As you can see, the composability of the stream pipeline is driven by the types and is verified at compile time by the type system. If we want to reuse the transformation, or extend it, we can now do so without duplication of logic. Different sources, and sinks, can be used—and reused—effortlessly, in a fully typesafe manner.

Connecting all the things!

Enough with theory and conceptual discussions—it’s time to take a practical problem and see how we can solve it using a reactive and stream-native approach to enterprise integration. We will take a look at how to design a simple integration system connecting orders to invoices, allowing us to hook up orders from various sources, transform them, and perform business logic, before creating invoices that are pushed downstream into a pluggable set of sinks.

The sample project can be found on GitHub, in case you are interested in cloning it and running or modifying it.

Create the domain objects

Let’s start by creating domain objects for our sample project, starting with a very rudimentary Order class.

final public class Order {
  public final long customerId;
  public final long orderId;

  // More fields would go here, omitted for brevity of the example

  @JsonCreator
  public Order(
    @JsonProperty("customerId") long customerId,
    @JsonProperty("orderId") long orderId) {
      this.customerId = customerId;
      this.orderId = orderId;
  }

  // toString, equals & hashCode omitted for brevity
}

We’re going to be receiving orders, and from those orders we’ll want to create invoices.

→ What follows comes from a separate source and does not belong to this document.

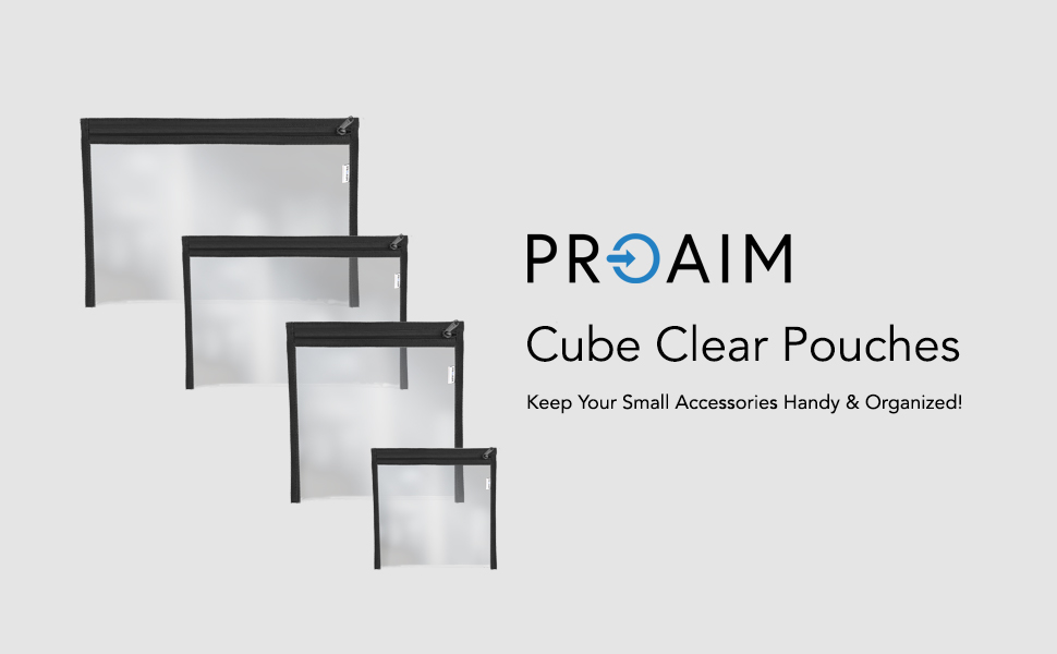 أكياس شفافة مكعبة من PROAIM لملحقات الكاميرا الصغيرة (عبوة من 4 قطع). كيس أشياء مزود بسحاب علوي للمصورين الفوتوغرافيين/مصوري الفيديو أثناء السفر (P-CUCL-01)
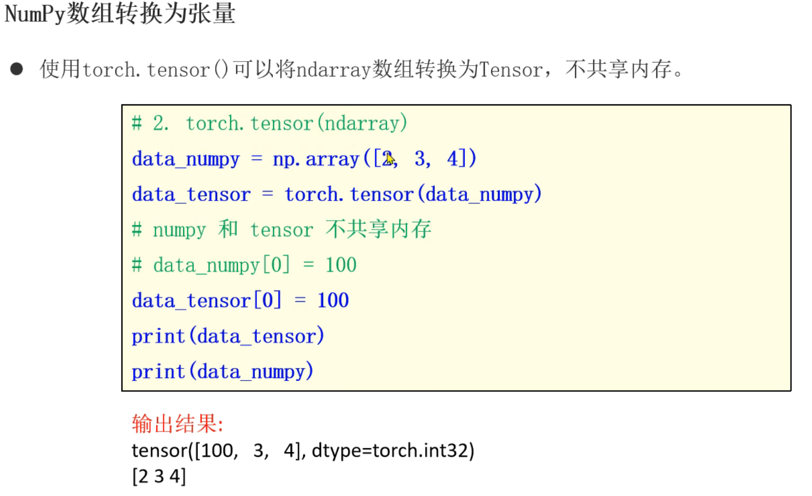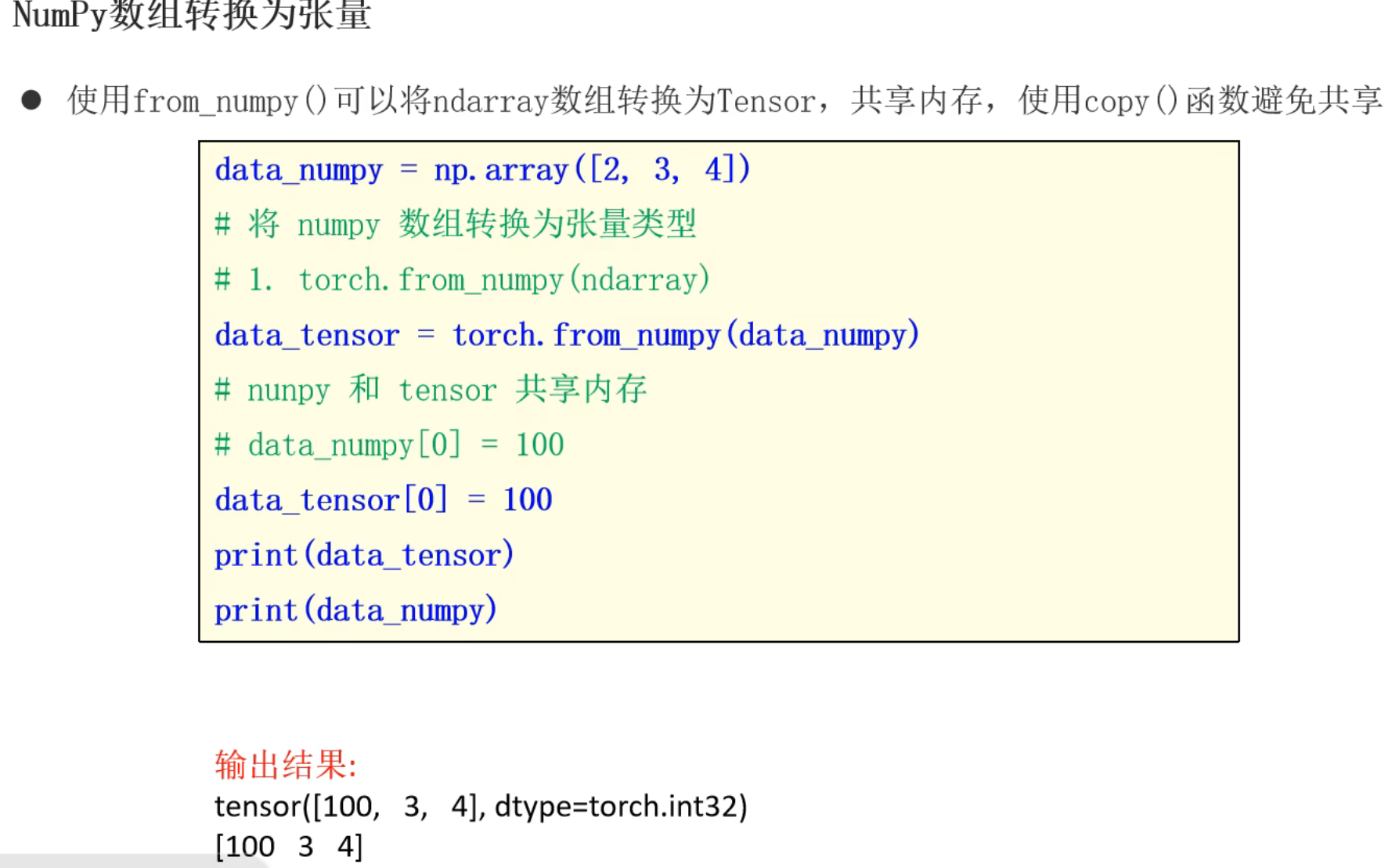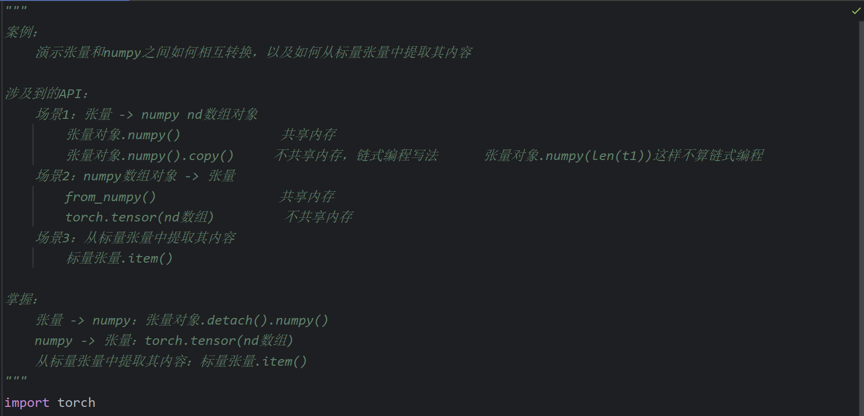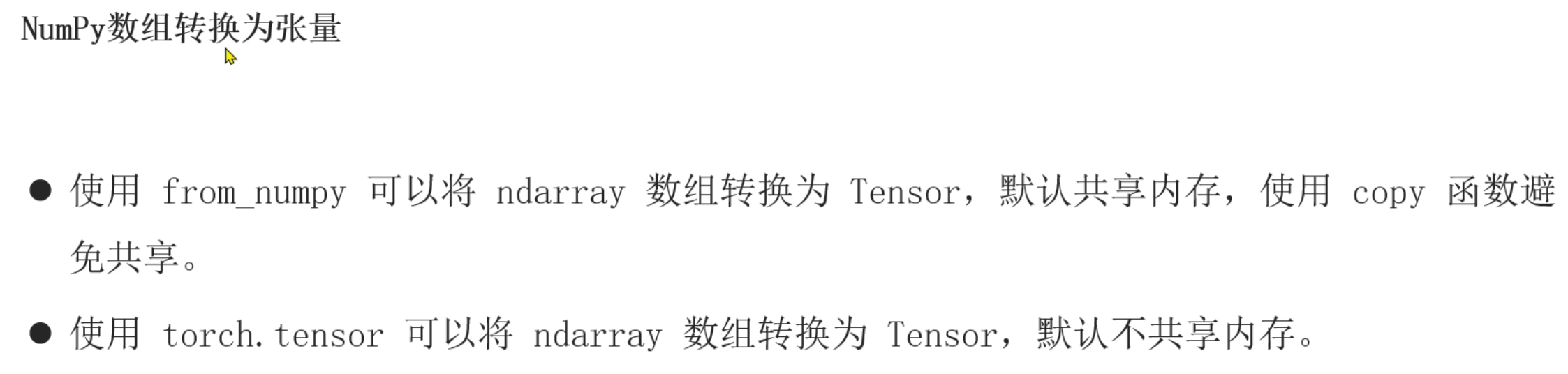 2、张量和Numpy之间相互转换

So, let’s create a bare-minimum Invoice class[10].

final public class Invoice {
  public final long customerId;
  public final long orderId;
  public final long invoiceId;

  @JsonCreator
  public Invoice(
    @JsonProperty("customerId") long customerId,
    @JsonProperty("orderId") long orderId,
    @JsonProperty("invoiceId") long invoiceId) {
      this.customerId = customerId;
      this.orderId = orderId;
      this.invoiceId = invoiceId;
  }

  // toString, equals & hashCode omitted for brevity
}

Let’s also create a Transport[11] enumeration so we can easily instruct the main method where we want to read our orders from, and where we want to produce our invoices to.

enum Transport {
  file, jms, test;
}

Bootstrap the system

Now, let’s create a “main method” so we can execute this example from a command line. As arguments, the invoker will have to specify which transport is going to be used from the input, as well as the output, of the program.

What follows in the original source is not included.